• Task details
Return the listing that follows exactly, with no pictures included.
*** Opening Data below ***
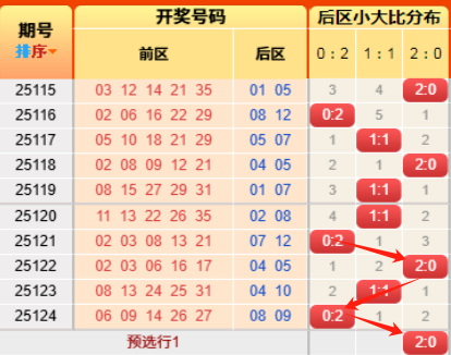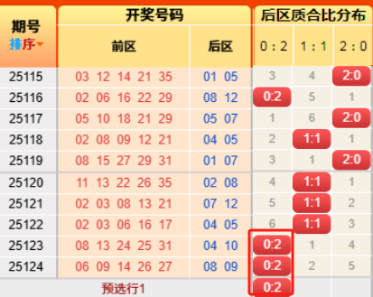 上期后区开出小大比为0:2。
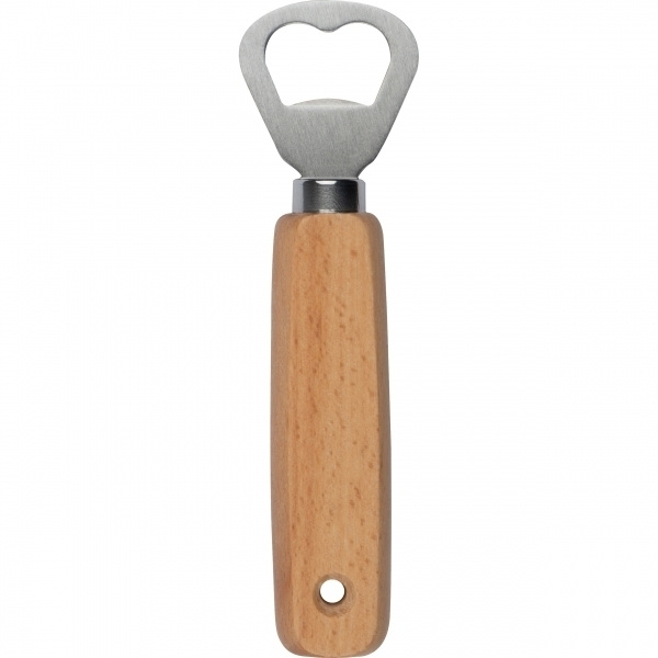 Classic bottle opener with a wooden handle. We engrave your logo on the wooden handle.
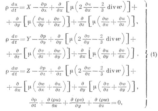 - основные уравнения движения вязкой жидкости, представляющие математическое выражение законов сохранения импульса и массы. Для неустановившегося течения сжимаемой жидкости Н.- С. у. в декартовой системе координат могут быть, записаны в виде
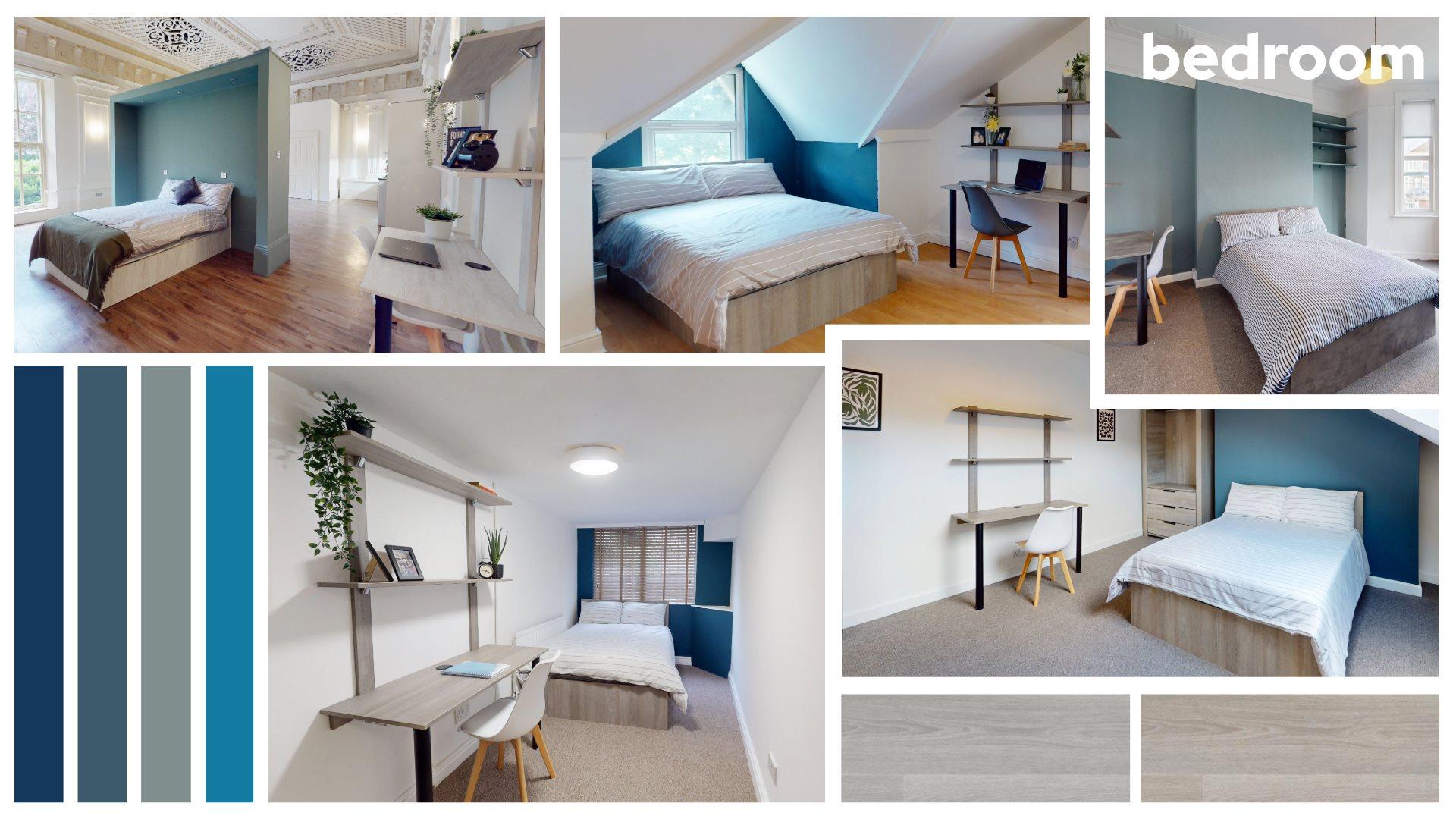 - Bedroom furniture: bed, desk, desk chair, wardrobe, and drawers
*** Closing Data below ***
• Result below
 上期后区开出小大比为0:2。
 Classic bottle opener with a wooden handle. We engrave your logo on the wooden handle.
 - основные уравнения движения вязкой жидкости, представляющие математическое выражение законов сохранения импульса и массы. Для неустановившегося течения сжимаемой жидкости Н.- С. у. в декартовой системе координат могут быть, записаны в виде
 - Bedroom furniture: bed, desk, desk chair, wardrobe, and drawers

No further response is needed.